After the fix, group "a" quota is filled, and 11 jobs are allowed to run:

$ qvhist AccountingGroup JobStatus
      1 a.user | 1
     11 a.user | 2
     12 total


Here is an additional test variation for the fixed version that exercises the code path for GROUP_DYNAMIC_MACH_CONSTRAINT / NEGOTIATOR_SLOT_POOLSIZE_CONSTRAINT

This configuration adds 42 slots, which will be ignored by the HGQ algorithms and by the job submission:

NEGOTIATOR_DEBUG = D_FULLDEBUG
SCHEDD_INTERVAL	= 15
NEGOTIATOR_USE_SLOT_WEIGHTS = FALSE
GROUP_QUOTA_MAX_ALLOCATION_ROUNDS = 1

GROUP_NAMES = a, b
GROUP_QUOTA_DYNAMIC_a = 0.5
GROUP_QUOTA_DYNAMIC_b = 0.5
GROUP_ACCEPT_SURPLUS = FALSE

NUM_CPUS = 22+42

SLOT_TYPE_1 = cpus=4
SLOT_TYPE_1_PARTITIONABLE = TRUE
NUM_SLOTS_TYPE_1 = 5

SLOT_TYPE_2 = cpus=1
SLOT_TYPE_2_PARTITIONABLE = FALSE
NUM_SLOTS_TYPE_2 = 2

# I intend this slot's quota to be ignored by
# GROUP_DYNAMIC_MACH_CONSTRAINT / NEGOTIATOR_SLOT_POOLSIZE_CONSTRAINT
SLOT_TYPE_3 = cpus=42
SLOT_TYPE_3_PARTITIONABLE = TRUE
NUM_SLOTS_TYPE_3 = 1

# ignore slots of type 3 for quota counting
GROUP_DYNAMIC_MACH_CONSTRAINT = (Cpus < 42)

This version of the job also ignores the 42-cpu slot, so it does not get partitioned:

universe = vanilla
cmd = /bin/sleep
args = 1800
should_transfer_files = if_needed
when_to_transfer_output = on_exit
requirements = (Cpus < 42)
+AccountingGroup="a.user"
queue 12

Because the 42-cpu slot is ignored both by the HGQ algorithms and the job, we should see that group "a" is still allowed to run 11 jobs, as before:

$ condor_submit t.jsub
Submitting job(s)............
12 job(s) submitted to cluster 1.

$ qvhist AccountingGroup JobStatus
      1 a.user | 1
     11 a.user | 2
     12 total


2011-Sep-23 17:38:26 by danb:
Code review:

This patch conflicts quite a bit with a patch TJ recently committed on the master branch: #2277. You might have beaten him to the punch if I hadn't taken so long to review. Sorry!

The basic idea looks okay to me, though one wonders if it would be better to just simplify the negotiator by always using slot weights.

--Dan


2011-Sep-23 18:10:04 by eje:
For this particular situation, I don't think slot weights would work quite the right way, since in the case of partitionable slots you want a job to be able to peel off a single slot, and not worry about paying for a weight tagged to # of cpus.

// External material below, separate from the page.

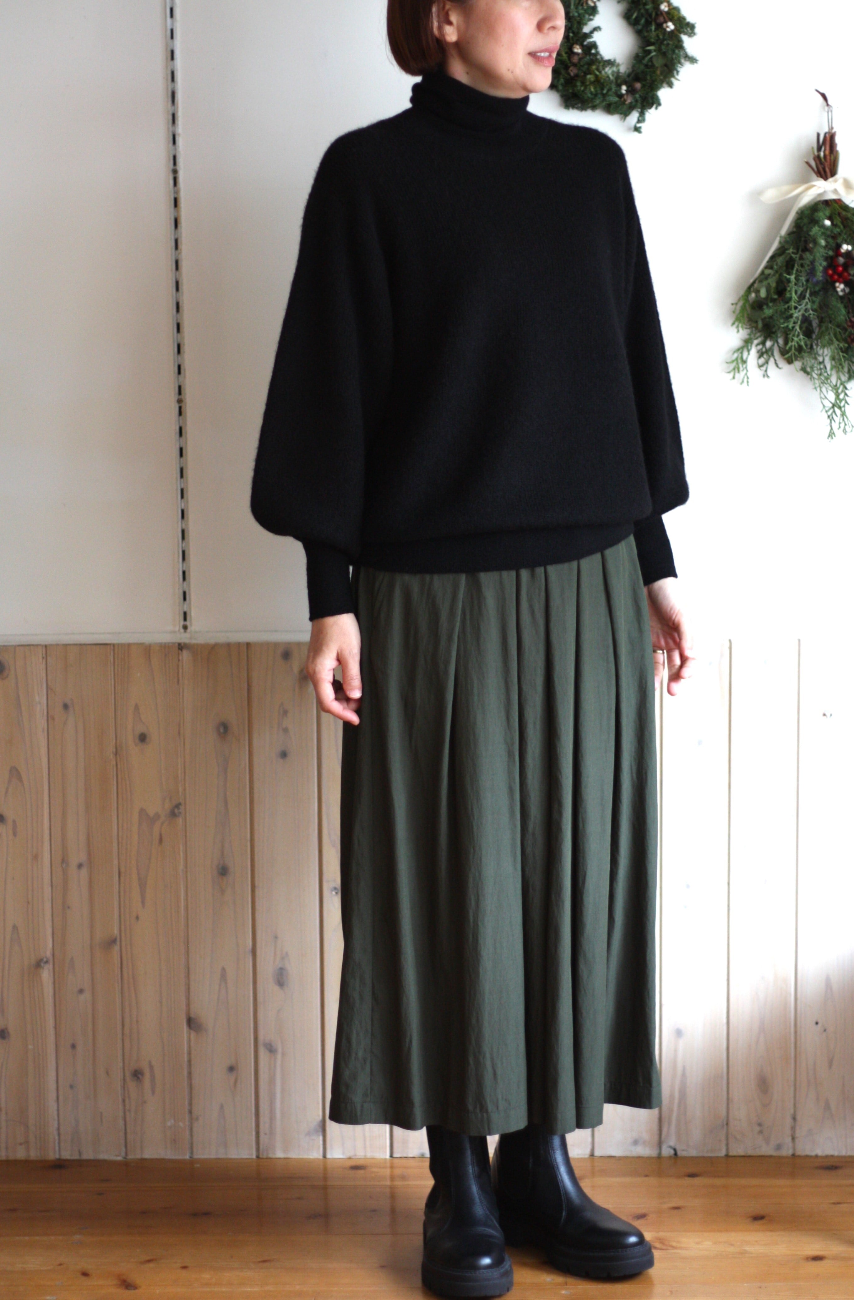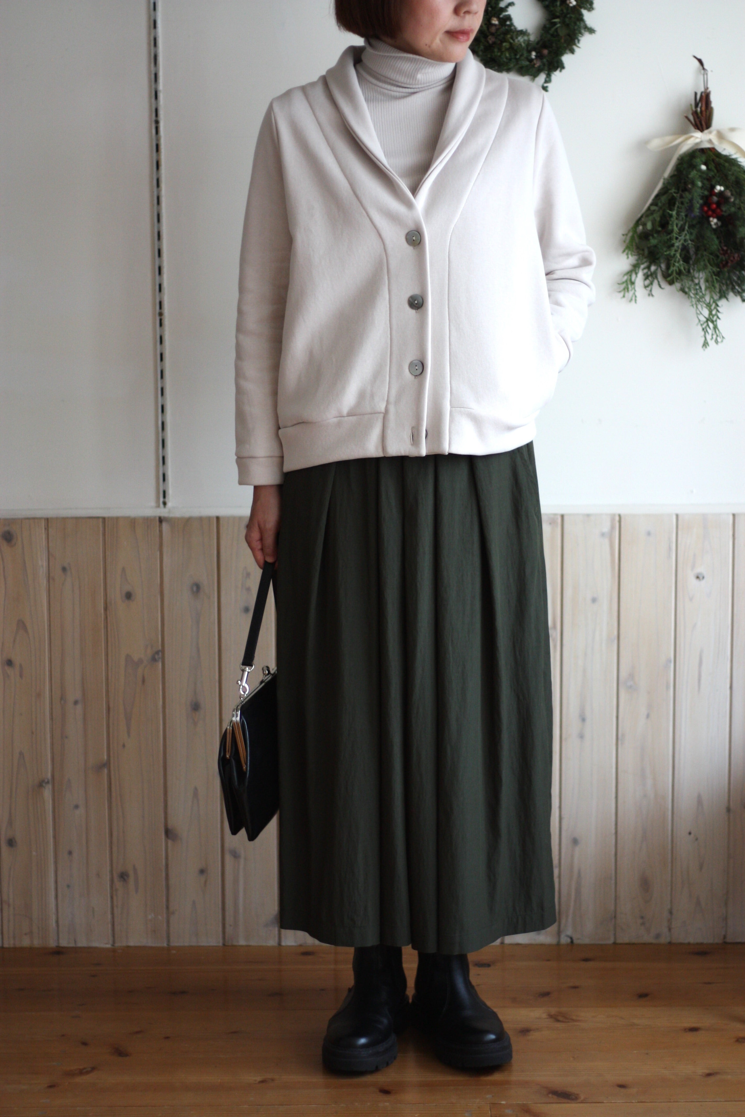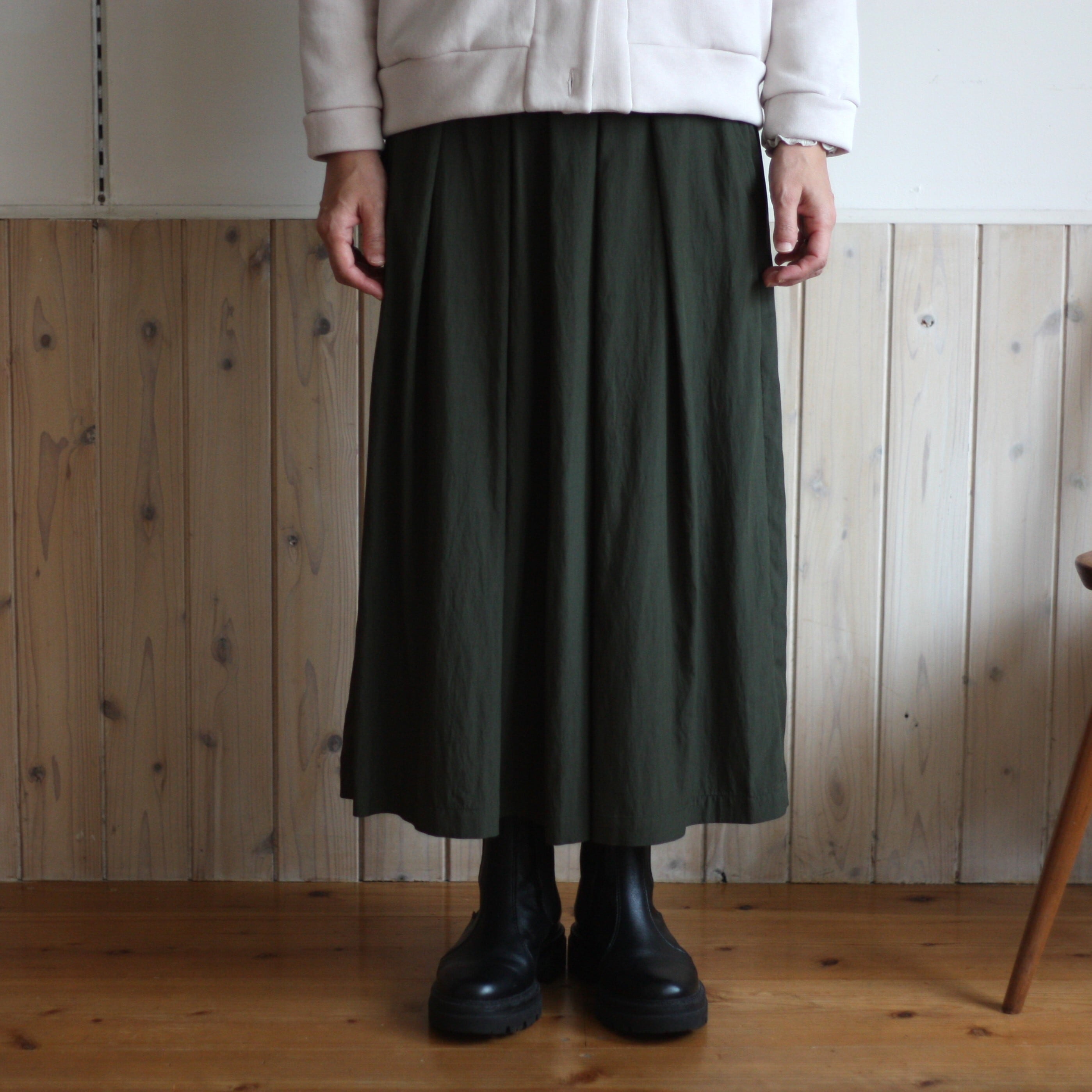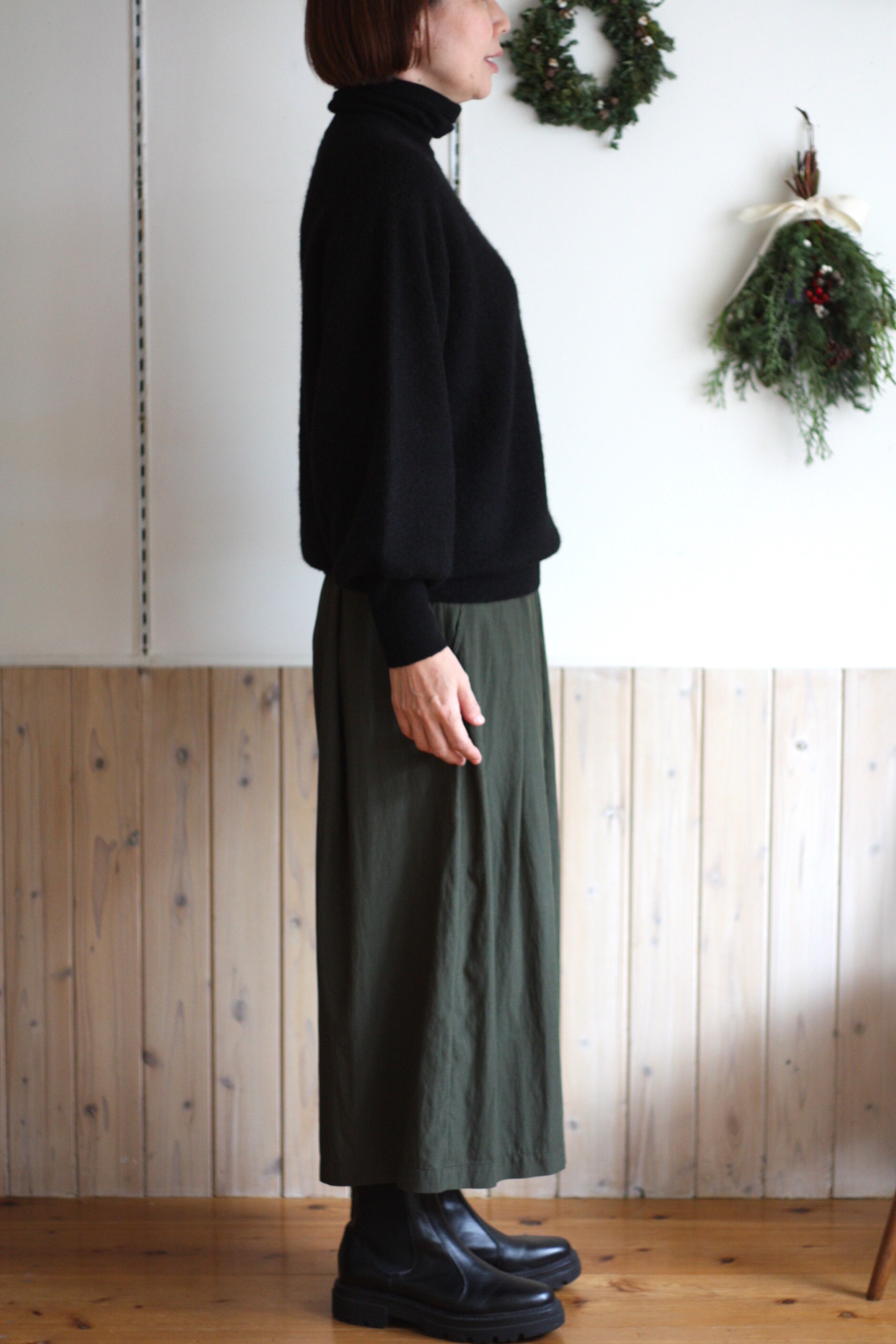 ウエストから裾に向かい広がり、体のラインを拾いすぎず、すっきりとしたバランスで着ていただけます。

I think we want partitionable slots to be "weighted" on the resource side (summing up available resources for allocation) but not on the consumption side (paying for weight when negotiating).

(I expected this might be a race condition with #2277, regardless)

[Append remarks]

Properties:

Type: defect           Last Change: 2011-Dec-07 15:56
Status: resolved          Created: 2011-Sep-02 18:07
Fixed Version: v070604           Broken Version:  
Priority:          Subsystem: Daemons 
Assigned To: eje           Derived From:  
Creator: eje  Rust:  
Customer Group: other  Visibility: public 
Notify: tstclair@redhat.com, jthomas@redhat.com, dan@hep.wisc.edu, eje@cs.wisc.edu  Due Date:  

Related Check-ins:

2011-Oct-04 10:05   Check-in [27607]: Improve version history item, which required adding index entries. ===GT=== #2440 (By Karen Miller )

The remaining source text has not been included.